Endlich kann die Askforce längst Überfälliges klären. Den Steilpass dazu gibt uns Frau A. Z., unsere sehr treue Fragestellerin: «Warum heisst die Darmflora Darmflora? Und wie kommt es, dass der originelle Name bis heute verwendet wird?»
Die Askforce mit ihrer ausgeprägten Fähigkeit, die eigentliche Frage hinter der vordergründigen zu erkennen, war angesichts dieses Briefs verunsichert. Will A. Z. den Begriff Darmflora ächten und stattdessen das politisch und wissenschaftlich korrekte intestinale Mikrobiota durchsetzen, das so korrekt ist, das im Alltag aber niemand versteht? Oder findet sie den Begriff Darmflora sexistisch, weil hier die römische Göttin der Blüte – die Flora eben – in den dunklen Hades des Gedärms verbannt wird? Oder gibt es gar religiöse Bedenken? Wir wissen es nicht. Wir wissen nur: Es ist höchste Zeit, den Terminus Darmflora leidenschaftlich zu verteidigen. Er steht für die blühende Poesie der eigenen Innereien.
Streng wissenschaftlich liesse sich der Begriff als Irrtum strafen. Die auf der Darmoberfläche angesiedelten Mikroorganismen wurden in den Anfängen der Darmforschung als dem Pflanzenreich zugehörig betrachtet. Darum Flora. Insgesamt ist der Name aber ein Geschenk an die der deutschen Sprache Mächtigen. Gut, die Schweden (tarmfloran), die Norweger und die Dänen (beide tarmflora) und ein paar andere mehr gesellen sich dazu. In den meisten anderen Sprachen hingegen wird die Darmflora zum intestinalen Irgendetwas. So, nun appellieren wir!
Die Darmflora also. Der Begriff ruft uns stets aufs Neue ihre Existenz und ihre Qualitäten in Erinnerung. Weil wir eine Darmflora haben, ist uns sicher, dass jede wahre Einkehr auf eine innere Blumenwiese führt (und nicht in einen sich kontraktierenden Verdauungstrakt).

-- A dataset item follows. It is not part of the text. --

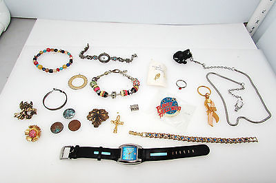JUNK DRAWER LOT -WATCH,KEY CHAIN,COIN,RING,VINTAGE JEWELRY FINDINGS SCRAP or NOT

Alle Darmzotten schön ausgebreitet ergeben eine 35 Quadratmeter grosse, kontemplative innere Wiese, in die infiltriert, was Mutter Natur uns als Nahrung zuteilwerden lässt. Wir meinen: ein schönes Bild.
Verböte man die Darmflora und schriebe man vor, von intestinaler Mikrobiota zu reden, wäre die Poesie dahin. Wenn es heute im Gedärm rumpelt, wissen wir: Es ist das laue Blütenwindchen, das durch die Flora streicht. Entweicht es unserem Innersten, ist es ein würziger Gruss unserer blumigsten Seite. Das Gleiche wird bei jenen, die nur über eine intestinale Mikrobiota verfügen, rasch einmal zum ganz ordinären Stinkefurz.
Lasst uns also zusammenstehen und sie verteidigen, die Flora, diese weiblichste aller inneren Weiten im Manne. Sollten Sie, liebe Frau A. Z., gerade keinen Nächsten finden, der diesen Gedanken mit Ihnen zu teilen bereit ist, dann finden Sie wiederum Trost – in der Darmflora. Die Darmflora ist nämlich auch das Zuhause der Darmfauna, einer Gemeinde kleinster Krabbeldinger. Sie sind also nie allein. Sie sind einer ganzen Welt ein Zuhaus. Und weil Sie ohne die schöne, harmonische Wechselbeziehung zwischen Ihnen und der Ihre Flora bewohnenden Fauna nicht existieren könnten, gilt sogar: Solange sie leben, sind Sie selbst genau genommen viele.